The piece of diet advice I champion most is to eat for what you do. Here’s a good example of what I’m always yappin’ about.
My friend Trent just got back from a month of training down in Tucson. Like me, his main two sports are riding and climbing. Unlike me, he’s been focused more on climbing than riding. With my injury, I’ve been forced to change my concentration from cycling to climbing because it’s all I can do. Trent’s trip to the winter cycling Mecca that is Tucson got him more psyched on riding. The first thing he said when he get back was that he was getting too glycogen depleted and had to adjust his diet and eat more carbs. My diet, in turn, has changed in exactly the opposite way; I’m eating less carbs and a ton fewer calories.
A big problem with diet books—or diets in general—is that they tend to prescribe a single way to eat for all circumstances. It doesn’t take a genius to comprehend how you might need to eat more when you’re active than when you’re sedentary. But diet books that often recommend eating a certain way all the time, then backing it up with a lot of bizarre science, can cause a lot of conflict within our logical minds.
In the simplest sense, carbohydrates are fuel for the body. Your body doesn’t store them in its tissue unless they aren’t burned off and it’s forced to; in which case they are stored as adipose (or fat) tissue. So it stands to reason that you’ll want the amount that you consume, and hence the percentage of your daily calories, to change as your activity level changes.
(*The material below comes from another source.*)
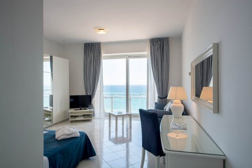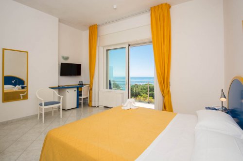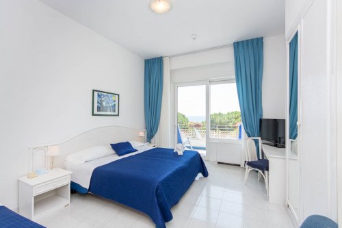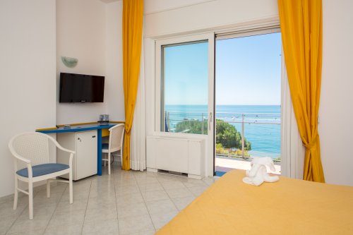 Двухместный номер (с двумя кроватями) с видом на море (180°), с отдельной террасой, ЖК-телевизором, каналами Sky TV, мини-баром, кондиционером, ванной комнатой с феном и туалетными принадлежностями.

Furthermore, you’re body can only store about an hour or so of glycogen (carbs converted into glucose, or blood sugar) in your blood and liver. So the longer you exercise the more carbohydrate you need to eat to replenish your blood sugar. If you run out of blood sugar during exercise you’re body is forced to tap into its tissues, both fat and muscle, for energy. This is less efficient, so you can’t perform as well and is referred to as “the bonk” in sporting terms. This is the reason that sports foods are loaded with carbohydrates (and better yet, sugar, which speeds into your system the quickest—bad at other times but good during sports).
Long, steady exercise, like cycling, requires a lot of carbohydrate replenishment throughout. If you don’t eat carbs you risk doing a lot of damage to your muscle tissue. Your body will react by first slowing you down and then forcing you to stop. Protein and fats consumed simple aren’t absorbed quick enough to do you any good during a ride. In fact, they can lead to gastric upset because they are hard to digest.
Less steady exercise, like climbing (especially bouldering and short climbs, or cragging, but not mountaineering at all), doesn’t require the same type of replenishment. Other than hiking to the crag, the work is mainly anaerobic and done in short bursts. In a day of climbing you’re not likely to extinguish you blood glycogen, even if you eat a balanced diet that is very slow to absorb, because you aren’t going at a steady state for more than an hour.
So even though they are both doing a lot of exercise, a climber can be fueled well by a diet that has a different caloric needs and ratios than a cyclist. Since the cyclist is continually burning up the calories consumed, he needs to consume more in general. And, since most of these added calories are carbs, it makes sense that two perfectly fit athletes would have vastly different macro-nutrient needs. Hence, the old diet switcharoo.
pics: beata and i ready for some pizza, bob's no-carb except beer diet; they all work, depending on what you do.